A dos manos

Jump-Smoke

Todo era una excusa para besarla. Las reglas eran simples: íbamos a tener una cita y al final de la noche cada uno tenía que escribir un texto sobre la velada. “¿Me estás pidiendo una cita?” -me preguntó. Yo asentí sonriendo y ella me miró de lado. “Pero con tarea”-me dijo.

Habíamos salido antes en lo que se podría considerar varias citas. No sería la primera vez que la besaba. Se iba a cumplir un día exacto desde la última vez que la vi y dos horas antes hablamos por celular. A pesar de todo esto, cuando me paré al frente de la puerta de su casa, me puse nervioso. Quería ver con qué ropa iba a salir, si sería un vestido con el que me iba a distraer viéndole las piernas o se iba a cubrir mucho para resaltar una cara de niña buena mirándome a la boca.
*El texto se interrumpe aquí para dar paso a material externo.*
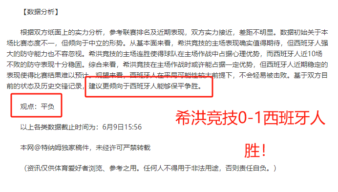 (温馨提示:观点回顾为已完场赛事的统计,并不能代表未来的观点预测结果走势,观点仅为其个人意见,与平.台无关。资讯仅供体育爱好者浏览,并不构成购.彩建议,任何人不得用于非法用途,请广大用户理性消费。)

Se decidió por una blusa con el pecho destapado e inmediatamente abrí más los ojos y casi me trago un chicle que no estaba masticando.

Me saludó con afán y las cosas empezaron mal. El inicio fue terrible, creo que ni se dio cuenta de que limpié el carro. Su madre se asomó por el balcón y me vio salir con ella. Aparentemente eso era un problema pero nunca me dijo por qué. Camino a la pizzería todo estuvo muy silencioso. No la miré mucho y no hablamos.

“Esto era una excusa para salir con vos” -le dije, para ver si las cosas se alivianaban y podíamos estar sin el estrés de que fuera una cita perfecta. No funcionó.  En la pizzería pedí una copa de vino con la misma intención de relajar el ambiente. Aparentemente ella sabe algo sobre las uvas del vino. Yo solo lo pruebo y me doy cuenta de que, en efecto, es vino.

Las cosas no empezaron a mejorar. Estábamos pasando un buen rato, ella, yo y su celular al que no le quitaba la vista ni las manos de encima. Admito que me hubiese gustado estar en su lugar (el del celular).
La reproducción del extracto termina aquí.